30 * CHARACTER JOBZ, UPLO
31 * INTEGER INFO, KD, LDAB, LDZ, LIWORK, LRWORK, LWORK, N
32 * ..
33 * .. Array Arguments ..
34 * INTEGER IWORK( * )
35 * DOUBLE PRECISION RWORK( * ), W( * )
36 * COMPLEX*16 AB( LDAB, * ), WORK( * ), Z( LDZ, * )
37 * ..
38 *
39 *
40 *> \par Purpose:
41 * =============
42 *>
43 *> \verbatim
44 *>
45 *> ZHBEVD_2STAGE computes all the eigenvalues and, optionally, eigenvectors of
46 *> a complex Hermitian band matrix A using the 2stage technique for
47 *> the reduction to tridiagonal. If eigenvectors are desired, it
48 *> uses a divide and conquer algorithm.
49 *>
50 *> The divide and conquer algorithm makes very mild assumptions about
51 *> floating point arithmetic. It will work on machines with a guard
52 *> digit in add/subtract, or on those binary machines without guard
53 *> digits which subtract like the Cray X-MP, Cray Y-MP, Cray C-90, or
54 *> Cray-2. It could conceivably fail on hexadecimal or decimal machines
55 *> without guard digits, but we know of none.
56 *> \endverbatim
57 *
58 * Arguments:
59 * ==========
60 *
61 *> \param[in] JOBZ
62 *> \verbatim
63 *> JOBZ is CHARACTER*1
64 *> = 'N': Compute eigenvalues only;
65 *> = 'V': Compute eigenvalues and eigenvectors.
66 *> Not available in this release.
67 *> \endverbatim
68 *>
69 *> \param[in] UPLO
70 *> \verbatim
71 *> UPLO is CHARACTER*1
72 *> = 'U': Upper triangle of A is stored;
73 *> = 'L': Lower triangle of A is stored.
74 *> \endverbatim
75 *>
76 *> \param[in] N
77 *> \verbatim
78 *> N is INTEGER
79 *> The order of the matrix A. N >= 0.
80 *> \endverbatim
81 *>
82 *> \param[in] KD
83 *> \verbatim
84 *> KD is INTEGER
85 *> The number of superdiagonals of the matrix A if UPLO = 'U',
86 *> or the number of subdiagonals if UPLO = 'L'. KD >= 0.
87 *> \endverbatim
88 *>
89 *> \param[in,out] AB
90 *> \verbatim
91 *> AB is COMPLEX*16 array, dimension (LDAB, N)
92 *> On entry, the upper or lower triangle of the Hermitian band
93 *> matrix A, stored in the first KD+1 rows of the array.

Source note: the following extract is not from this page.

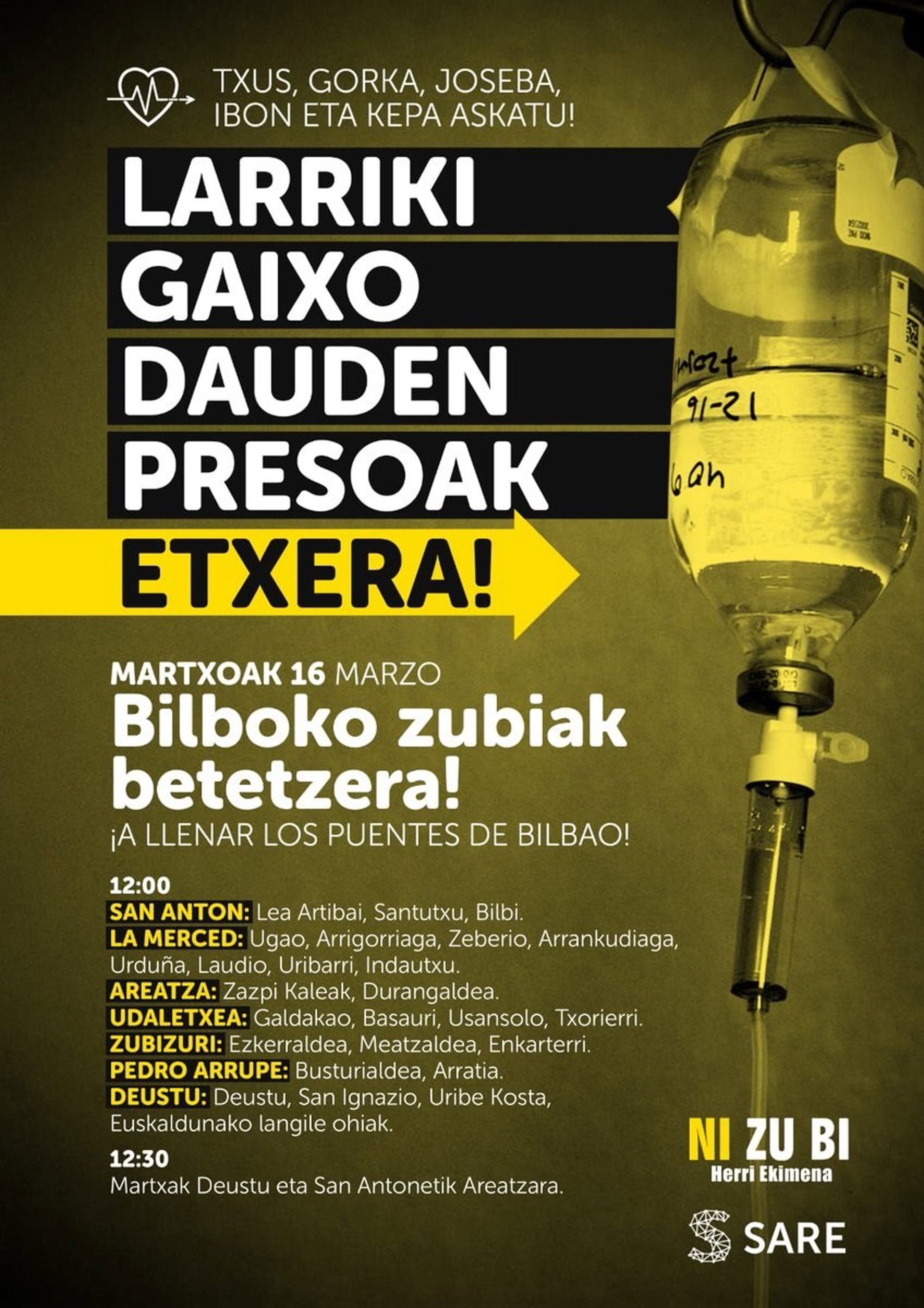 Una iniciativa popular para reclamar la libertad de los presos de ETA enfermos ha anunciado concentraciones para el próximo 16 de marzo en todos los puentes de Bilbao.

The
94 *> j-th column of A is stored in the j-th column of the array AB
95 *> as follows:
96 *> if UPLO = 'U', AB(kd+1+i-j,j) = A(i,j) for max(1,j-kd)<=i<=j;
97 *> if UPLO = 'L', AB(1+i-j,j) = A(i,j) for j<=i<=min(n,j+kd).
98 *>
99 *> On exit, AB is overwritten by values generated during the
100 *> reduction to tridiagonal form. If UPLO = 'U', the first
101 *> superdiagonal and the diagonal of the tridiagonal matrix T
102 *> are returned in rows KD and KD+1 of AB, and if UPLO = 'L',
103 *> the diagonal and first subdiagonal of T are returned in the
104 *> first two rows of AB.
105 *> \endverbatim
106 *>
107 *> \param[in] LDAB
108 *> \verbatim
109 *> LDAB is INTEGER
110 *> The leading dimension of the array AB. LDAB >= KD + 1.
111 *> \endverbatim
112 *>
113 *> \param[out] W
114 *> \verbatim
115 *> W is DOUBLE PRECISION array, dimension (N)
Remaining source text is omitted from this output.